Like the global internet walls, as well as major platforms such as Facebook and Twitter One place against states and enough avoid hate speech, the chosen methods are beginning to take place, which experts say is increasing.

“This is about finding new homes,” evelyn douek, a lecturer at Harvard Law School who studies online law online, told BuzzFeed News. Hate speech, information sharing, harassment, and arousal that people have been suffering for for years is a challenge on a platform like Koo, he said, because those pages are under little supervision. “These problems come on every platform in the end,” said Douek, “but with the sheer number of alternatives, there can be less interest and compulsion.

Aprameya Radhakrishna, Koo’s chief founder and CEO, told BuzzFeed News that his page was not like a hate car or a booth.

“You can’t sort everything on the page,” he said.

Radhakrishna is a Bangalore businessman who sold the start-up Ola, an Indian partner at Uber, in 2015 for $ 200 million. He founded Koo in March last year. Earlier this month, the downturn began, the company raised $ 4.1 Million from investors, including former Infosys Mohandas Pai, a major supporter of the Modi government.

Koo has no management team, Radhakrishna said. Instead, the platform relies on people to write down what they think is the hardest part.
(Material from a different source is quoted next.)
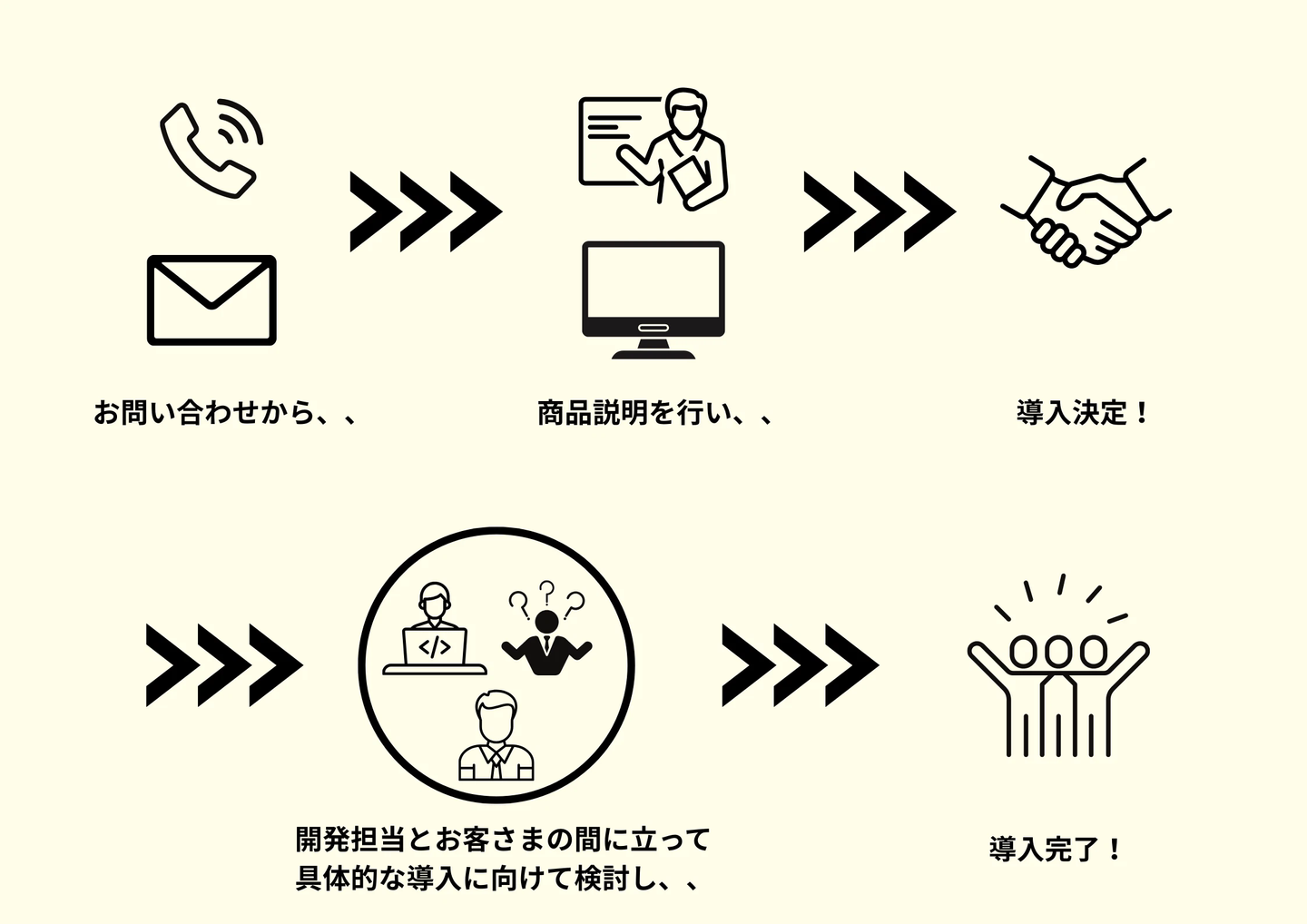 今回の場合もお客様からお問い合わせをいただき、商品についての説明やお客様へのヒアリングを行い導入を検討していただきました。

The group only focuses on what Radhakrishna calls “exception.”

“Even Facebook and Twitter are still waiting a bit,” Radhakrishna said. “We are a 10-year-old company. We are applying our principles. He asserted that his confession had been obtained through torture and that his confession had been obtained through torture.
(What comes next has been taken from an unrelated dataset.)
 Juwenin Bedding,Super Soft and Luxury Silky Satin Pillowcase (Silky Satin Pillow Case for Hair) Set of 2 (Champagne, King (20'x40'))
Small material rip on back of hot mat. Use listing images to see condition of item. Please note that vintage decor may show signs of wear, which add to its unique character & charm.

“We can’t do anything about something because we feel it,” he said. “It is taken in accordance with the laws of the land.”

A small section called “Rules and Conditions” installed during the program prohibits individuals from posting material that “violates another’s privacy,” “hate,” “racist” or “racist,” or “insulting.”
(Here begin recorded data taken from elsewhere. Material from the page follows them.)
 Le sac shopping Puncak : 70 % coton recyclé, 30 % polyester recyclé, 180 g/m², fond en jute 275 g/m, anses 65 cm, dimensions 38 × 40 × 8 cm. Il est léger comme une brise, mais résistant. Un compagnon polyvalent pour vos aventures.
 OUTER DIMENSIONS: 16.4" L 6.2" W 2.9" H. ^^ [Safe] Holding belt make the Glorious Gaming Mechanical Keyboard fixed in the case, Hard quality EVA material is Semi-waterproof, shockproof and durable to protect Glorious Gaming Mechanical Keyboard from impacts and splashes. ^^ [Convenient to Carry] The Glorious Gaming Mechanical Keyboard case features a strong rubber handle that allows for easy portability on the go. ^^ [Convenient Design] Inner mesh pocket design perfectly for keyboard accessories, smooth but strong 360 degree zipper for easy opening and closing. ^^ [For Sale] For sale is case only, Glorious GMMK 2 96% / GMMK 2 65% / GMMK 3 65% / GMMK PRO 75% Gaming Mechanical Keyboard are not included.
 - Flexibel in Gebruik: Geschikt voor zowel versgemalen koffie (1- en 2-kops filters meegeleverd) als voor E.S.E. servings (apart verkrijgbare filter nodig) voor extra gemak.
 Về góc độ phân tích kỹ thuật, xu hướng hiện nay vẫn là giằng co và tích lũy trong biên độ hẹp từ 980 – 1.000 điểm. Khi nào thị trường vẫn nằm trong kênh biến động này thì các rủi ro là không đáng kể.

Although comparison for Parler, who has established himself as a way to manage Twitter and Facebook in the US, Radhakrishna insists his program is politically neutral. “We would love anyone who wants to take the platform to the next level,” he said. “We are not the only politicians in India. The platform is designed to explain and explain everything. ”

More than a dozen in Indian state governments now use Koo. Earlier this month, the IT ministry, a government department that threatened Twitter officials with imprisonment, wrote a statement to Koo expressing dissatisfaction with Twitter hours before posting the same statement on Twitter, a platform designated by the department.

Inside Twitter, which ranks India in the fastest growing markets around the world, staff are keeping a close eye on Koo. “Obviously it’s on our radar,” an employee who asked not to be identified, told BuzzFeed News. “I don’t know if it’s going to be dangerous, but we’re seeing it.”

Radhakrishna said the company’s startup made this possible. “We are an Indian company and we are launching our operations in favor of the Indians,” he said. “This will be better than what foreign companies do because they are also governed by the house rules they have made.”

Asked what he meant by “Indians,” Radhakrishna said he had no concrete examples. “I haven’t had any problems,” he said.